In your reply, print every line of the listing exactly and omit all images.

[Collected data]:

============

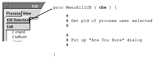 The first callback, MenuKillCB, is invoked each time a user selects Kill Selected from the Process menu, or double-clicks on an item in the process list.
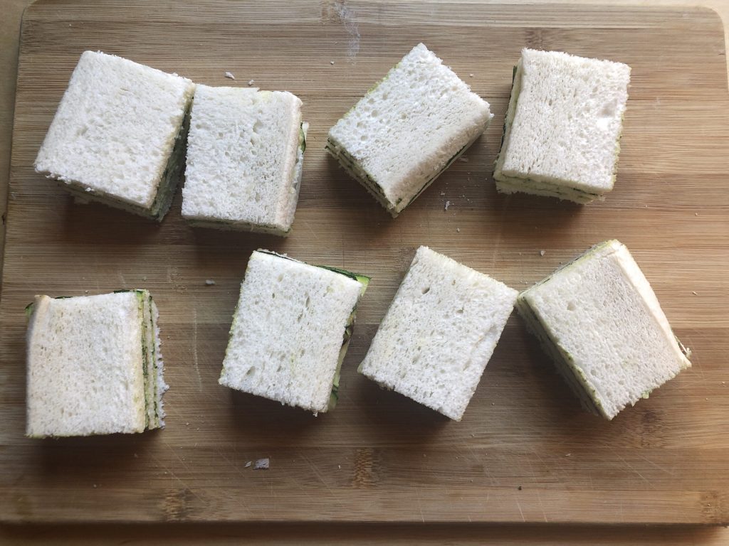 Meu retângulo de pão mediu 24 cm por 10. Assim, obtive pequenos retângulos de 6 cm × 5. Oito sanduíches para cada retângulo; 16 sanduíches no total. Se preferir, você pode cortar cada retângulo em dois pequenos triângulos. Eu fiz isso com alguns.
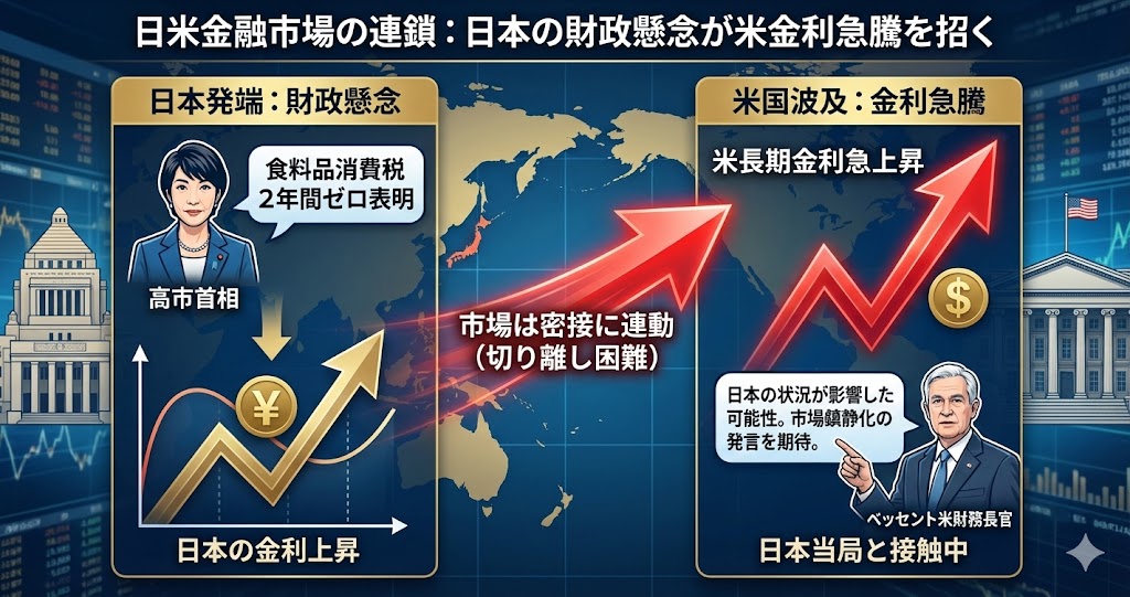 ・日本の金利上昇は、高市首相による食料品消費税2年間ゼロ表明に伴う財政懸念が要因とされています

============

[Written solution]:
 The first callback, MenuKillCB, is invoked each time a user selects Kill Selected from the Process menu, or double-clicks on an item in the process list.
 Meu retângulo de pão mediu 24 cm por 10. Assim, obtive pequenos retângulos de 6 cm × 5. Oito sanduíches para cada retângulo; 16 sanduíches no total. Se preferir, você pode cortar cada retângulo em dois pequenos triângulos. Eu fiz isso com alguns.
 ・日本の金利上昇は、高市首相による食料品消費税2年間ゼロ表明に伴う財政懸念が要因とされています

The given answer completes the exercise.